▸ **EXERCISE DIRECTIONS**
Begin at the line containing "La pista aprovechaba" in the records below, end at the line containing "Black womens vans", and retype each line in that span exactly. No other line and no image should appear.

▸ **EXERCISE DATA**
··········

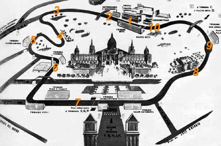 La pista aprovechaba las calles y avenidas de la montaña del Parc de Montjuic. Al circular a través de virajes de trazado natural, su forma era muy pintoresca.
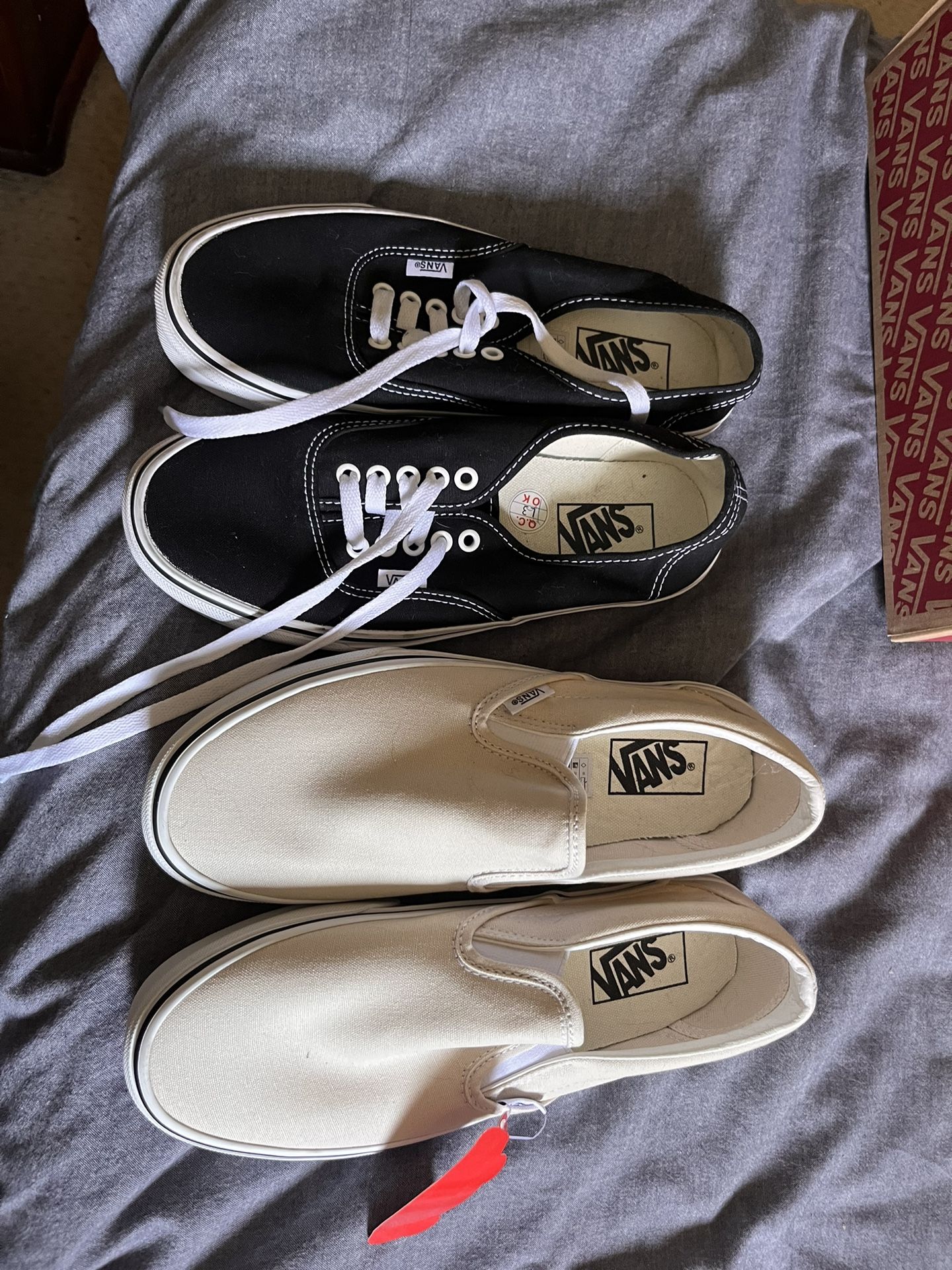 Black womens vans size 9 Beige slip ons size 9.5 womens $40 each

··········

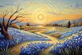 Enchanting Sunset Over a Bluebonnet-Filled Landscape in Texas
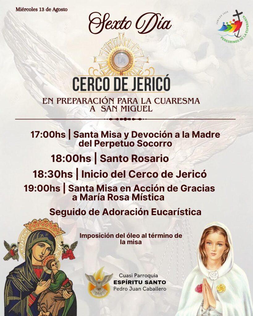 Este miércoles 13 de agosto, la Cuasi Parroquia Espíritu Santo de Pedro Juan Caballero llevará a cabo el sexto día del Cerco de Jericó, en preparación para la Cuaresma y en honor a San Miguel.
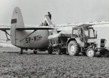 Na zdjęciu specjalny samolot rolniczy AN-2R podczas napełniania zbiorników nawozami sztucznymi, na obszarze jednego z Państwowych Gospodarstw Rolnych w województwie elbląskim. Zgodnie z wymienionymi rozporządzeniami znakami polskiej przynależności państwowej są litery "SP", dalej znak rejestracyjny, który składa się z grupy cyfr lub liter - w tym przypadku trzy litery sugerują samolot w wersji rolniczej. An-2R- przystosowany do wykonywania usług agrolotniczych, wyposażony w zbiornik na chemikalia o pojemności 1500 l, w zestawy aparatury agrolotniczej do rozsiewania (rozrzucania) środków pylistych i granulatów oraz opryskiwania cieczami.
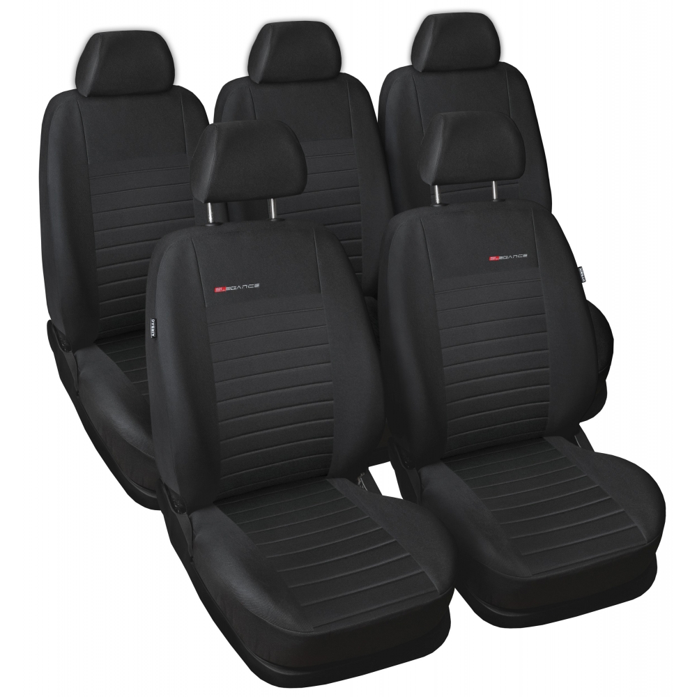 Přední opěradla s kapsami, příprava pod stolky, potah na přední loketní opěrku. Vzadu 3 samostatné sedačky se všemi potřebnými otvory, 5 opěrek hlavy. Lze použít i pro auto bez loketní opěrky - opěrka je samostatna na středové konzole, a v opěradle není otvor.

··········

▸ **REPLY**
 La pista aprovechaba las calles y avenidas de la montaña del Parc de Montjuic. Al circular a través de virajes de trazado natural, su forma era muy pintoresca.
 Black womens vans size 9 Beige slip ons size 9.5 womens $40 each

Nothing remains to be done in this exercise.